-- Collected data --
== == ==
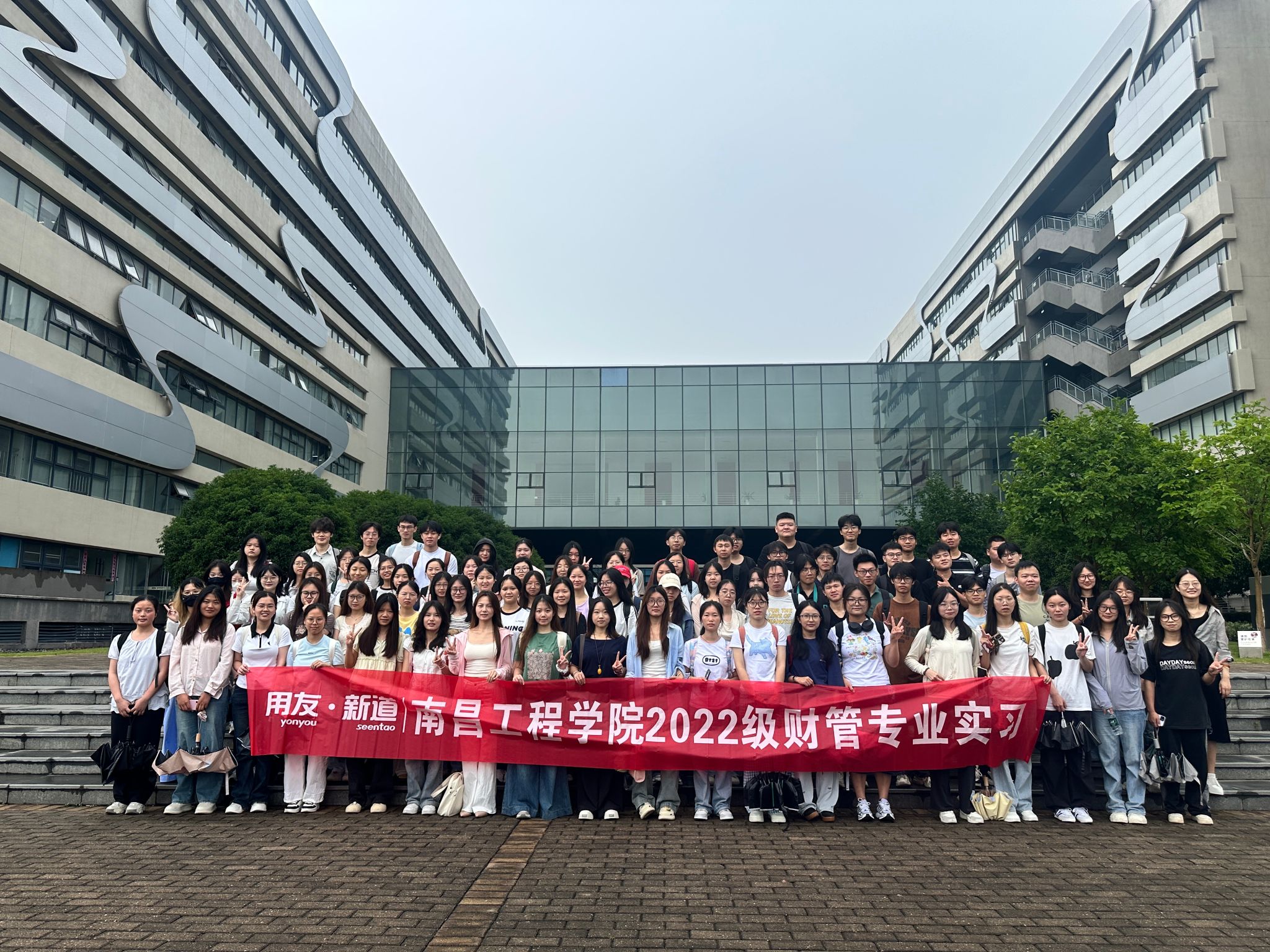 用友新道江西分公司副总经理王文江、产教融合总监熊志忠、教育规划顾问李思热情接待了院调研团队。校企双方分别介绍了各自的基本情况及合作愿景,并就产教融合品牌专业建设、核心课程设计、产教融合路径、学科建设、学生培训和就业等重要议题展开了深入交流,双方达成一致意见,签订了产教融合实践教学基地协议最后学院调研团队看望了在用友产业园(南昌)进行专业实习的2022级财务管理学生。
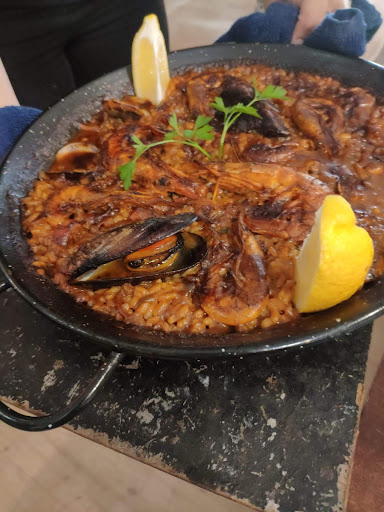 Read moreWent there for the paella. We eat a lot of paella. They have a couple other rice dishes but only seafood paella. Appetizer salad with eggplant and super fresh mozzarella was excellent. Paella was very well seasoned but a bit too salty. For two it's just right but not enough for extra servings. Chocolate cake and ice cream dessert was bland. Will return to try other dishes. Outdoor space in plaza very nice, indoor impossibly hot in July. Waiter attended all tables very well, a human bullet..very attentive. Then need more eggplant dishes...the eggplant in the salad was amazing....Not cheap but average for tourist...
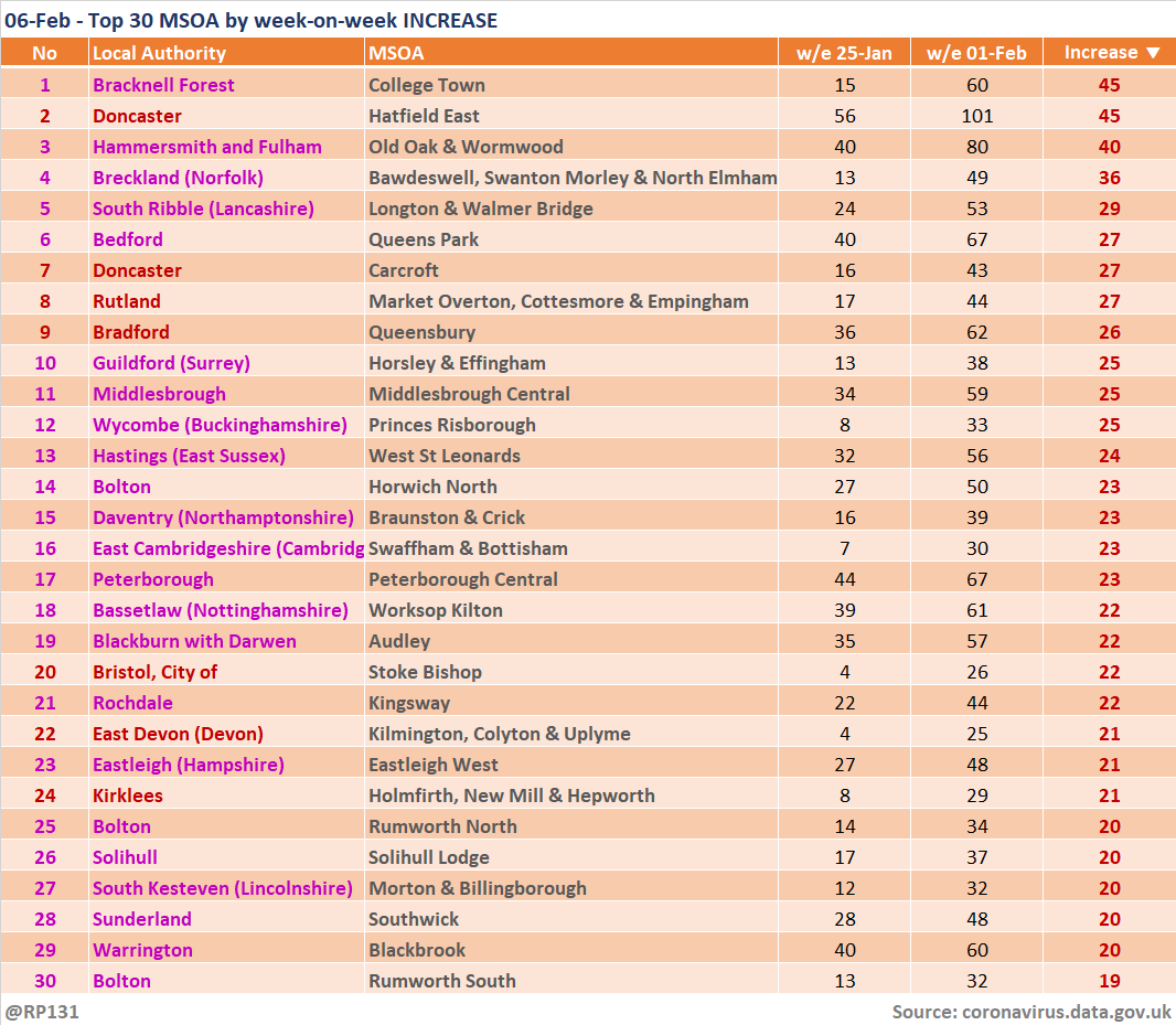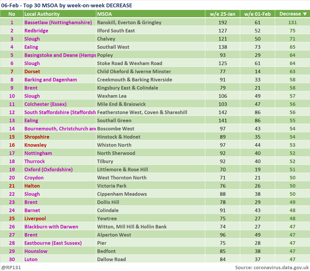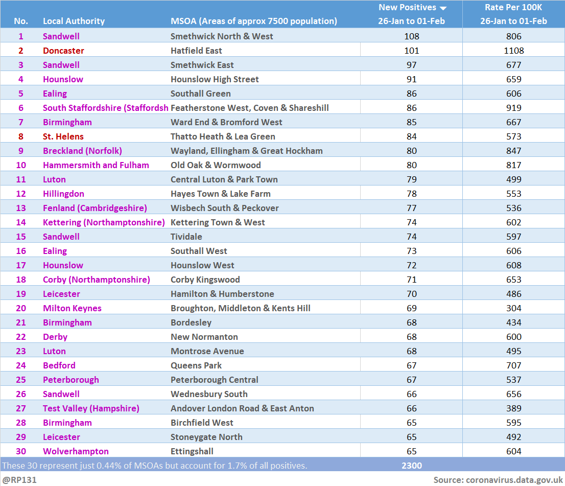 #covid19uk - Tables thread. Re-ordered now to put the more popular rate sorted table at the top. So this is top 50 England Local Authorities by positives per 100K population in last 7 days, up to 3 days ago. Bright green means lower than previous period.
== == ==
Set down all of the material word for word, minus its pictures.

 用友新道江西分公司副总经理王文江、产教融合总监熊志忠、教育规划顾问李思热情接待了院调研团队。校企双方分别介绍了各自的基本情况及合作愿景,并就产教融合品牌专业建设、核心课程设计、产教融合路径、学科建设、学生培训和就业等重要议题展开了深入交流,双方达成一致意见,签订了产教融合实践教学基地协议最后学院调研团队看望了在用友产业园(南昌)进行专业实习的2022级财务管理学生。
 Read moreWent there for the paella. We eat a lot of paella. They have a couple other rice dishes but only seafood paella. Appetizer salad with eggplant and super fresh mozzarella was excellent. Paella was very well seasoned but a bit too salty. For two it's just right but not enough for extra servings. Chocolate cake and ice cream dessert was bland. Will return to try other dishes. Outdoor space in plaza very nice, indoor impossibly hot in July. Waiter attended all tables very well, a human bullet..very attentive. Then need more eggplant dishes...the eggplant in the salad was amazing....Not cheap but average for tourist...
 #covid19uk - Tables thread. Re-ordered now to put the more popular rate sorted table at the top. So this is top 50 England Local Authorities by positives per 100K population in last 7 days, up to 3 days ago. Bright green means lower than previous period.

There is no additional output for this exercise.